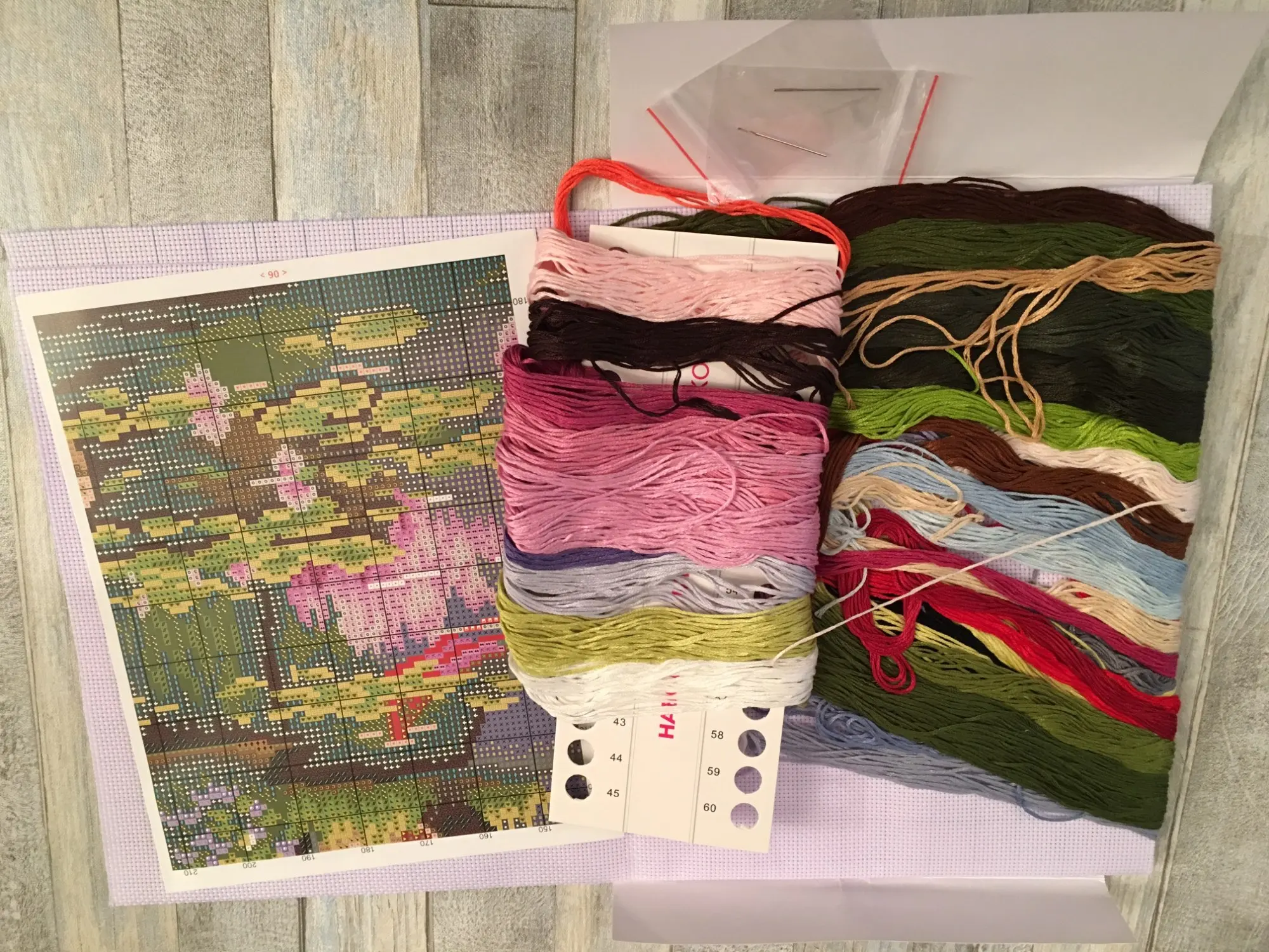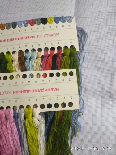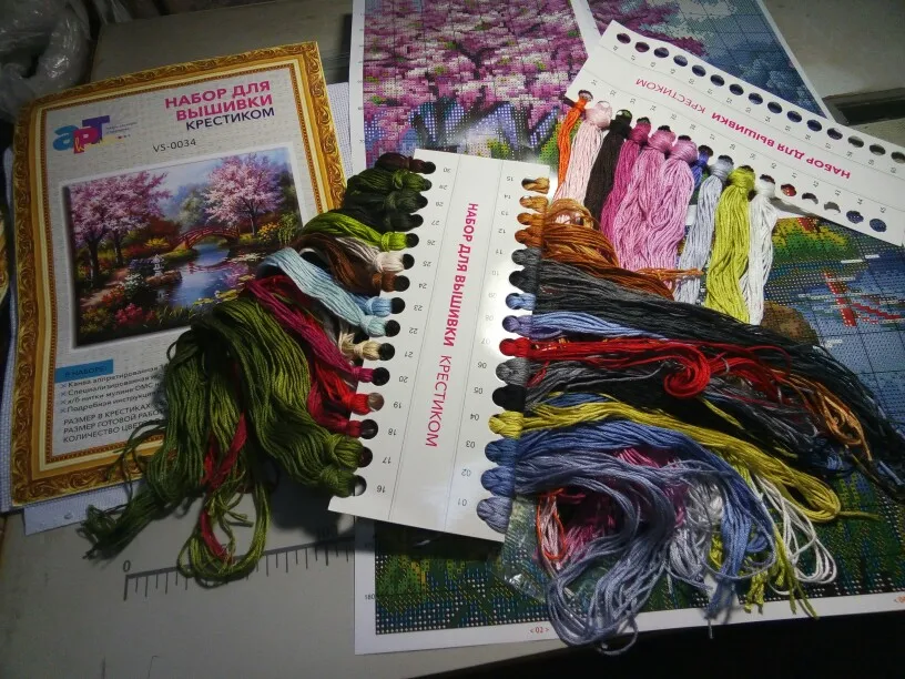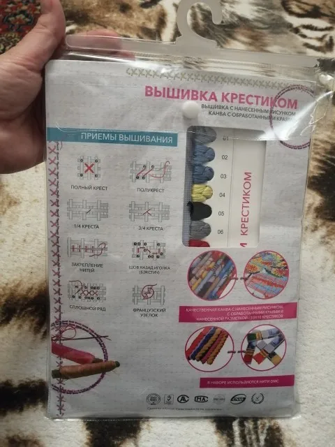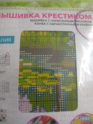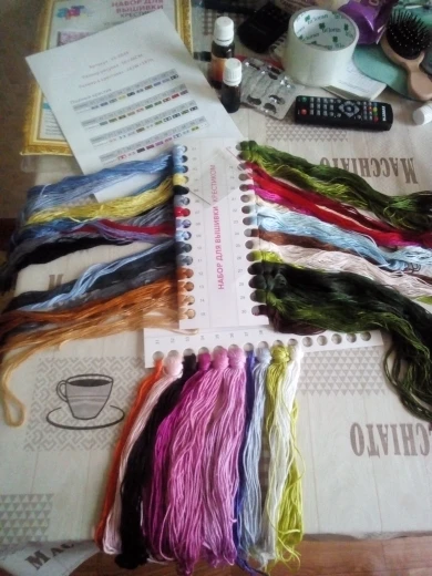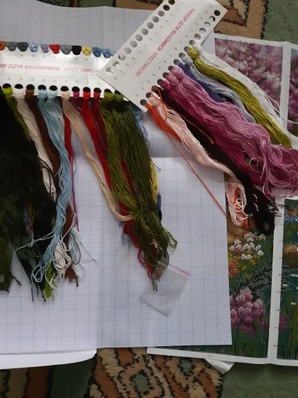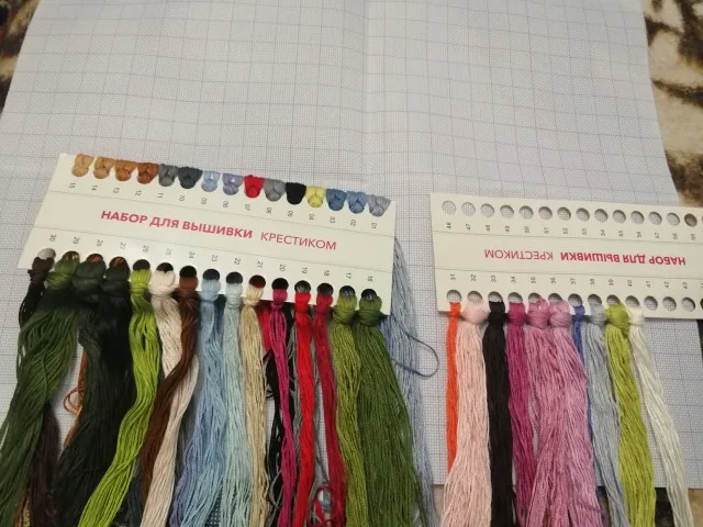 Заказала три набора. Пришли очень быстро, за что отдельное спасибо продавцу! Канава расчерчена на клеточки, но края не обработаны(((, что не совсем хорошо! В одном наборе на канве непонятные грязные пятна! Обидно! Надеюсь, что зашью и видно не будет. Ниток много, яркие, красивые.
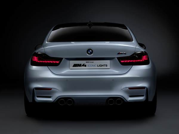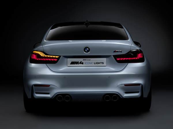 Modelul BMW M4 Concept Iconic Lights, cu caroseria vopsită în nuanţa Cool White metalizat, oferă o nouă interpretare a farurilor rotunde duble specifice BMW. În mişcare, tehnologia laser poate fi identificată de benzile fine de culoare albastră din interiorul farurilor. Totodată, stopurile modelului BMW M4 Concept Iconic Lights se bazează pe tehnologia OLED (LED-uri organice) care produce lumina din straturi semiconductoare de material organic de câţiva milimetri grosime. În premieră, stopurile şi semnalizatoarele spate dispun de tehnologie OLED. Suprafeţele iluminate sunt poziţionate astfel încât să producă efect tridimensional. OLED-urile au avantajul că deschid noi posibilităţi pentru designeri prin dimensiunile foarte compacte.
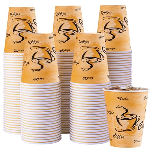 Lamosi 180 Pack 12 oz Coffee Cups, Paper Coffee Cups 12 oz, Disposable Leakproof Retro Cup for Cold Drinks or Hot Beverages
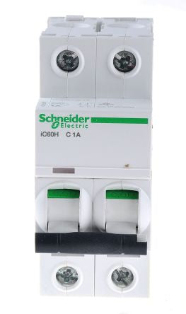 Schneider Electric Acti 9 iC60H MCB Mini Circuit Breaker 2P, 1 A, 10 KA, Curve C [A9F54201]; 791-3322
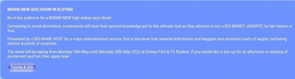 Also mentioned on SRO: apparently Celebability with Iain Stirling is back, and filming at BBC Elstree from May 6th-13th.
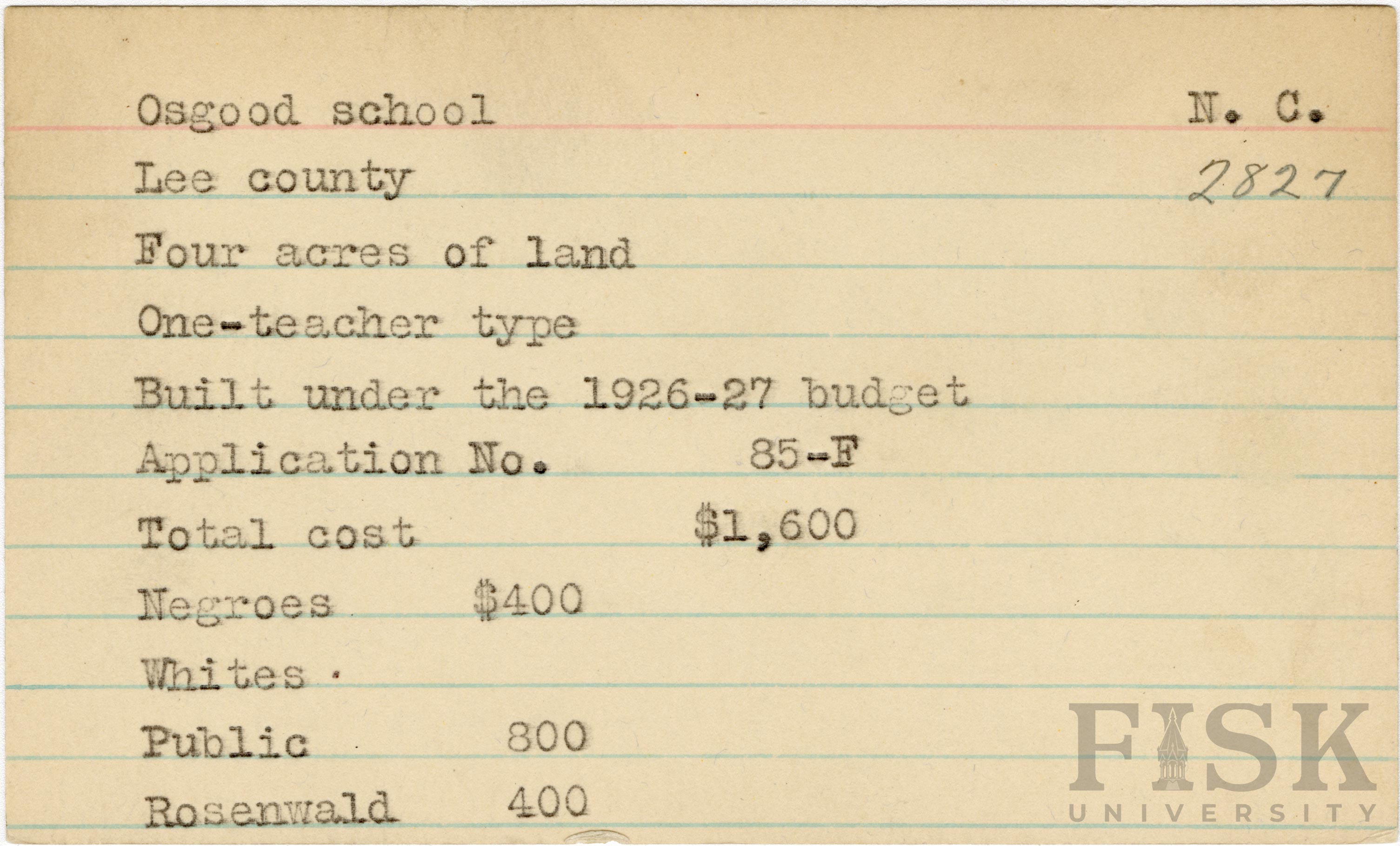 - Julius Rosenwald Fund--Buildings, African American schools--History--20th century, African American schools--Osgood School
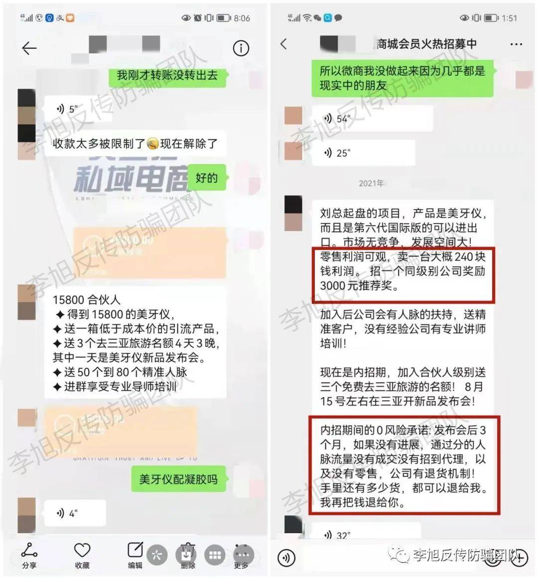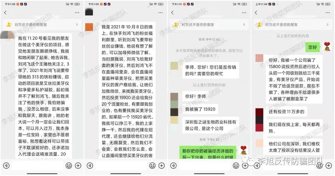 日前,艾絲拉相關(guān)受害者還在就退款退貨問題跟劉某飛團(tuán)隊人員協(xié)商,我們也將整理資料跟相關(guān)部門反饋,后續(xù)進(jìn)展如何,李旭反傳防騙團(tuán)隊將持續(xù)跟蹤報道。
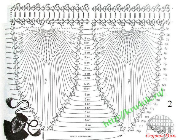 Далее выполняйте вторую часть по рисунку 2, которая вяжется на боковых фестонах первой чаш по кругу. На рис. 2 сумочка дана в разложенном виде. Провязав 21 ряд по рис., в 22 ряду выполните соединение в местах, отмеченных звездочками и стрелками. Третья часть вяжется по рис.3, также по кругу на боковых фестонах первой части. Из оставшейся пряжи сделайте витой шнур и протяните его сквозь арочки ВП первой части. Украсьте сумочку кистями длиной 10 см в готовом виде, как показано на снимке. Кисти прикрепляются на боковые цепочки из 5 ВП.
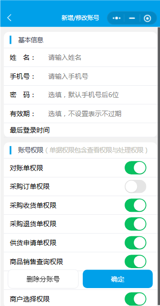 注:手机号是为登录账号,密码默认为手机号6位,供应商可在小程序端自行修改。
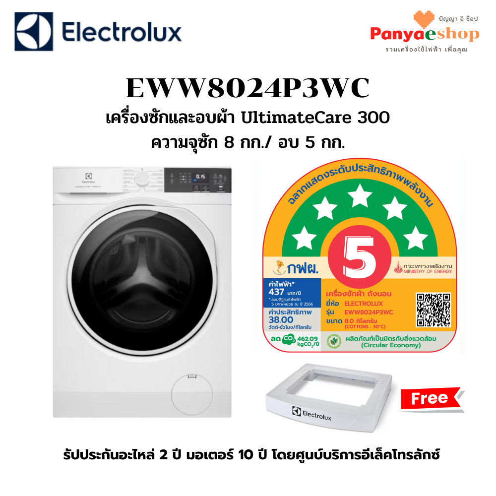 ELECTROLUX เครื่องซักอบและผ้า รุ่น EWW8024P3WC ซัก 8 กก/ อบ 5 กก สีขาว UltimateCare 300
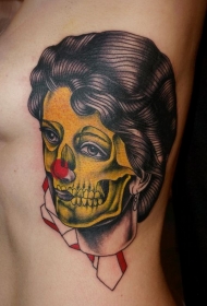 腰侧彩色复古风格五彩僵尸女人纹身图案
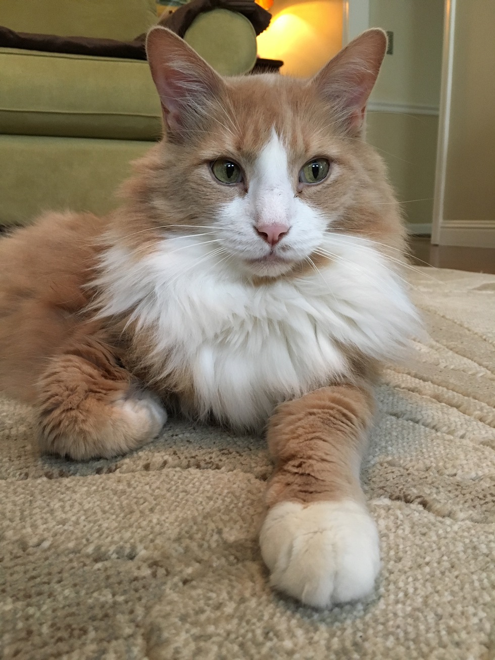 Leonard was about 5 years old when we got him from the Maine Coon rescue center. He’s been with us for almost 4 years now. He has adapted really well and has turned out to be much more than we had hoped for.
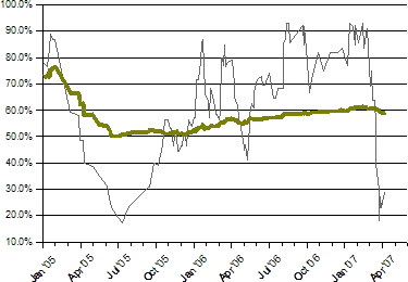 The higher total case fatality ratio after the end of 2005 may reflect the widespread circulation in Vietnam of a less-lethal clade of H5N1 in 2005, which was subsequently brought under control. The change was nonetheless interpreted by some as indicating that the virus itself was becoming more deadly over time.[29] In fact, when less-virulent strains die off, the surviving strains are the more virulent. Such difficulties in interpretation underscore that the global case fatality ratio can serve as but a crude and imperfect summary of the current complex situation with its many contributing factors, and not a clear or reliable predictive tool. If and when an influenza pandemic arises from one of the currently circulating pre-pandemic strains of Asian lineage HPAI A(H5N1), the mortality rates for the resulting human adapted pandemic strain cannot be predicted with any confidence.
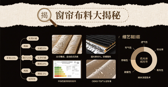 窗簾材質的進化史,是一部人類對自然資源的開發史與科技文明的融合史。2025年,環保材料的應用已突破概念階段,形成完整的產業閉環。如魚得水推出的春眠系列深睡簾,采用銀離子與二氧化鈦復合涂層,在實現99%抗菌率的同時,將甲醛分解效率提升至93.4%。這種將天然礦物與納米技術結合的創新,既保留了棉麻的透氣性,又賦予其醫療級的環境凈化能力。

++++++

Exercise prompt
Word for word, restate the lines above from the one with "Schneider Electric Acti" through the one with "日前,艾絲拉相關(guān)", keeping both ends and dropping the pictures.

Answer section
 Schneider Electric Acti 9 iC60H MCB Mini Circuit Breaker 2P, 1 A, 10 KA, Curve C [A9F54201]; 791-3322
 Also mentioned on SRO: apparently Celebability with Iain Stirling is back, and filming at BBC Elstree from May 6th-13th.
 - Julius Rosenwald Fund--Buildings, African American schools--History--20th century, African American schools--Osgood School
 日前,艾絲拉相關(guān)受害者還在就退款退貨問題跟劉某飛團(tuán)隊人員協(xié)商,我們也將整理資料跟相關(guān)部門反饋,后續(xù)進(jìn)展如何,李旭反傳防騙團(tuán)隊將持續(xù)跟蹤報道。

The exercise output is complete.